In 1890, Bunge described a series of ocular changes that occurred as a result of iron-containing IOFBs, which he called ocular siderosis (OS).³ OS may occur months or years after trauma and can affect all ocular tissues, from the cornea to the optic nerve. The most common findings are cataract formation, mydriasis, iris heterochromia, secondary glaucoma, iritis, vitreous opacities, diffuse pigment changes in the retinal pigment epithelium, macular edema, and attenuated responses on electroretinography.⁵ Radiographs, orbital computed tomography (CT), and ultrasound are considered the gold standard for the early detection of IOFBs in patients presenting with eye injuries.⁶ Magnetic resonance imaging (MRI) can also be used to detect non-metallic IOFBs. However, MRI is contraindicated for metallic IOFBs because of their potential to produce motion artifacts and even serious adverse ocular effects.⁷

In this case report, we present a patient with an overlooked IOFB whom we clinically diagnosed as having OS. This case highlights the importance of careful history-taking and a high suspicion of trauma when examining patients employed in industrial workplaces and presenting with visual impairment while working.

Case Report

A 22-year-old man presented to the emergency department with complaints of mild left pupil dilation and a marked decrease in vision in the left eye that he noticed upon waking in the morning. He had no other complaints, and the results of neurological examinations were normal. In the emergency department, diffusion brain MRI and brain CT examinations were first performed to rule out a neurological cause. However, when imaging was reported as normal, the ophthalmology department was consulted due to the absence of central nervous system pathology.

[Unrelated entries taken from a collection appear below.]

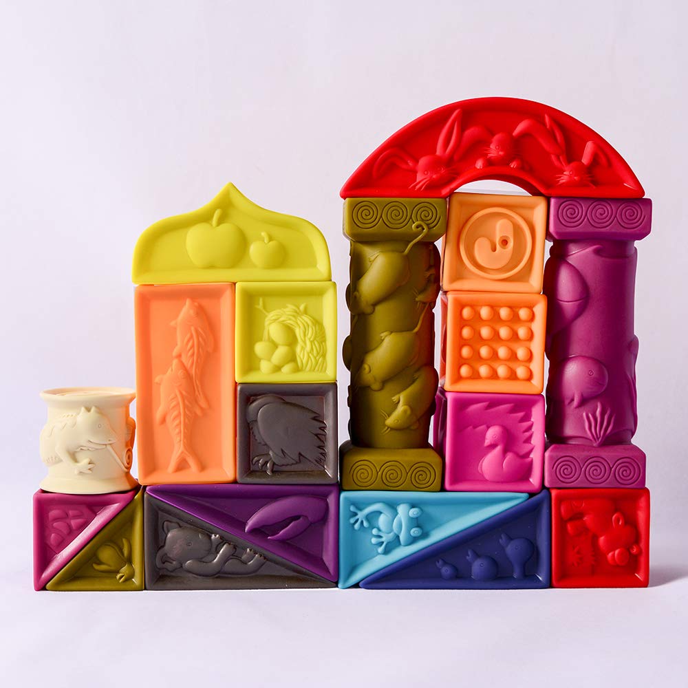 B. toys – Elemenosqueeze Baby Blocks – 26 Stacking Blocks with Shapes Numbers, Animals & Textures
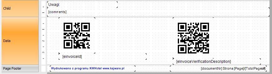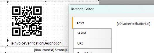 Parametry [einvoiceId] oraz [eInvoiceVerificationDescription] możesz umieścić pod odpowiednim kodem QR jako zwykłe pole tekstowe. Jeśli nie są one widoczne na liście dostępnych parametrów, możesz wpisać je ręcznie w miejscu, w którym mają się pojawić.
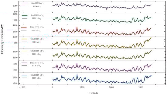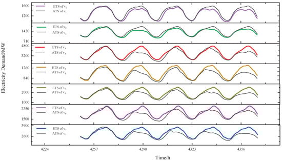 ARIMA combines the concepts of autoregression (AR), moving average (MA), and the operation of differencing the time series signals. Specifically, the autoregressive part represents the relationship between the current value of a variable and its value at p previous moments, where p denotes the autoregressive order. The moving average part represents the relationship between the current value and the error (white noise) at q previous moments, where q denotes the moving average order. The d-order differencing operation is performed to remove trends and seasonality from HTSs. Therefore, an ARIMA model is used to fit the trend and periodicity of the HTS by choosing appropriate parameters ( p , d , q ) to make forecasts of the ETS [29].
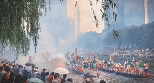 正逢端午,广东各地的龙舟队火力全开,龙舟劈波斩浪,号子声、锣鼓声、击水声、助威声交织,热闹非凡。
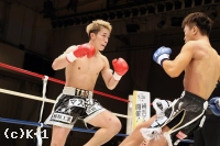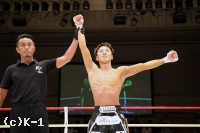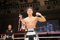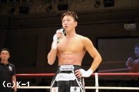 「セコンドに言われた通りに出来て、ボディで倒せてよかったです。(対戦相手の印象は?)3本ベルトを持っていて、ムエタイの選手ということで、もっと蹴って前に出てくるかなと思ったんですけど、思ったより出てこなかったです。(今後の目標は?)森坂選手に勝っている鷹大選手に勝ったんで、王座決定トーナメントに出ていた他の選手、あわよくばチャンピオンの新美選手ともノンタイトルで戦いたいです。まあでもK-1 JAPAN GROUPに来て3戦なので、色んな選手とやっていきたいです」

On ophthalmological examination, there was anisocoria with a larger pupil in the left eye (Figure 1). Direct and indirect light reflexes were normal on the right and weak but present on the left, with no relative afferent pupil defect detected in either eye. Color vision was normal on the right but could not be evaluated on the left because of low vision. Best corrected visual acuity (BCVA) in Snellen decimal units was 1.0 on the right and 0.1 on the left. Intraocular pressure was normal, corneas were clear, and the anterior chamber, iris, and lens appeared normal bilaterally. In the gonioscopic angle examination of the left eye, increased pigment was noticed at the angle. Shiny, pearl-like formations were observed in the anterior vitreous, while the posterior vitreous appeared condensed in the inferior periphery. Color fundus and fundus autofluorescence images (TRC-50DX, Topcon Corporation, Tokyo, Japan) revealed a macular scar in the inferior parafoveal area (Figure 2). Optical coherence tomography (OCT) (Cirrus HD-OCT 5000, Carl Zeiss Meditec AG, Jena, Germany) showed choroidal rupture in the area of the macular scar and irregularity of the retinal outer layers consistent with scarring (Figure 3). In the light of these findings, the images were examined with the suspicion of IOFB. On the orbital part of the brain CT scan, a metallic IOFB was noticed in the left eye (Figure 4). Moreover, brain MRI showed a large artifact obscuring the anatomical structures of the left orbit and surrounding regions (Figure 5). When we questioned the patient again in detail, he reported that two months earlier, he had presented to the emergency department of a different hospital because of a foreign body in his left eye. After examination, the eye had been washed with saline (Polyflex 0.9% isotonic sodium chloride solution, Polifarma Pharmaceuticals, Tekirdağ, Türkiye) and he was told there was no other pathology. We informed the patient of his condition and referred him to a more advanced center, where he underwent lens-sparing vitrectomy and IOFB removal surgery. At postoperative 1 month, the mydriasis had resolved and his BCVA remained unchanged at 0.1.

Discussion

This case of anisocoria accompanied by low vision demonstrates the potential clinical consequences that can arise because of an overlooked IOFB, even months later. There are a limited number of cases in the literature presenting the clinical findings of posttraumatic OS. The clinical manifestations in these cases include heterochromia, mydriasis, cataract, secondary glaucoma, anterior and posterior uveitis, retinal vessel sheathing, and retinal pigmentary changes.⁸ In our case, there was no additional finding other than unilateral mydriasis and visual impairment associated with a parafoveal scar.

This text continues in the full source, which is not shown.